Site of Roman gold mines near the village of Pumsaint, on the road linking the forts at Llandovery and Llanio. The mining area, the most technologically advanced in Roman Britain, comprised both sides of the mountain spur forming the S side of the Cothi valley. The mines demarcate the principal outcropping of auriferous quartz veins. The axis of their strike is roughly NE-SW and there are four lodes of varying quality. The site was first exploited in the pre-Roman period but developed enormously in scale with the Roman conquest of S Wales ca. A.D. 74. Despite two periods of modern exploitation the mines retain substantially their Roman shape, and visible remains include aqueduct systems, reservoirs, mining galleries, and opencasts.

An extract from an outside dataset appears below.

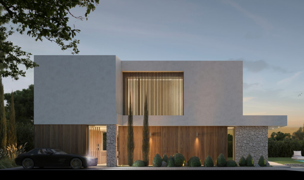7 villas de luxe avec grands jardins et piscine à Mijas, Malaga. Les maisons de plus de 300 m2 sont construites sur des parcelles d’environ 500 m2.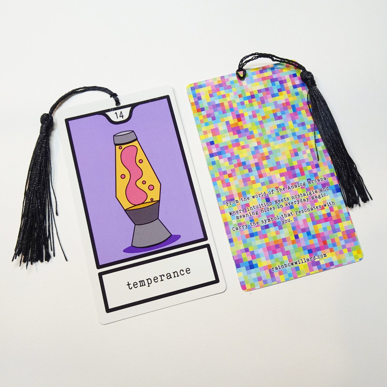 A tarot-inspired bookmark featuring nostalgic symbolism and original artwork.

The complex comprises: 1) Several aqueducts running down both sides of the mountain ridge. The 11.2 km Cothi aqueduct is the longest of these, bringing ca. 9-13 million liters per day to the minehead. The other main aqueduct derived from the Annell river. 2) Opencast workings and adits: the largest group lies immediately S of Ogofau Lodge. The last modern exploitation of this area located Roman galleries drained by an elaborate pumping system over 60 m below the opencast floor. These workings are now all flooded and inaccessible. 3) Traces of a settlement associated with the mines and covering much of the valley floor in the area of Pumsaint village. A fort may be involved but the area awaits excavation. In the last century remains of a bath house were located S of the village, close to the cemetery which served the mining settlement.


BIBLIOGRAPHY

Royal Commission for Ancient Monuments, Carmarthenshire (1917) 24; G.D.B. Jones & P. R. Lewis, “Dolaucothi Gold Mines I,” AntJ 69 (1969) 244ff; id., The Roman Gold Mines at Dolaucothi (1971)MPI.